◆ **Prompt**: Write the listing out again word for word, excluding any pictures.

◆ **Information provided**:

--------------------------------

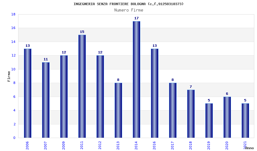 | Anno | Firme | Importi | Media | Naz. | Reg. | Prov. | Comu. |
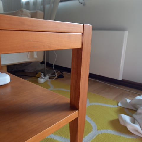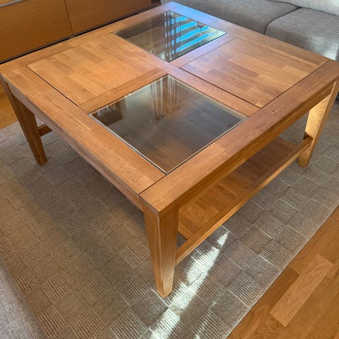 Soffbord i trä med glasskiva och hylla
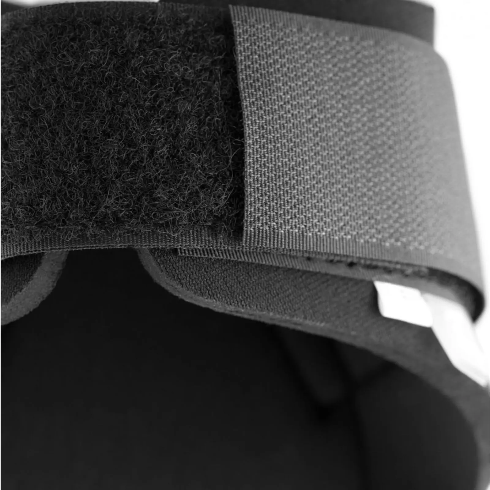 The hard outer shell protects the fetlock from knocks as the horse lands after a jump and takes a stride or plays rough during turnout causing injury to the fetlock. The strong hook and loop closure keeps the boot from opening, and the soft neoprene lining keeps the skin from rubbing.

--------------------------------

◆ **Answer box**:
 | Anno | Firme | Importi | Media | Naz. | Reg. | Prov. | Comu. |
 Soffbord i trä med glasskiva och hylla
 The hard outer shell protects the fetlock from knocks as the horse lands after a jump and takes a stride or plays rough during turnout causing injury to the fetlock. The strong hook and loop closure keeps the boot from opening, and the soft neoprene lining keeps the skin from rubbing.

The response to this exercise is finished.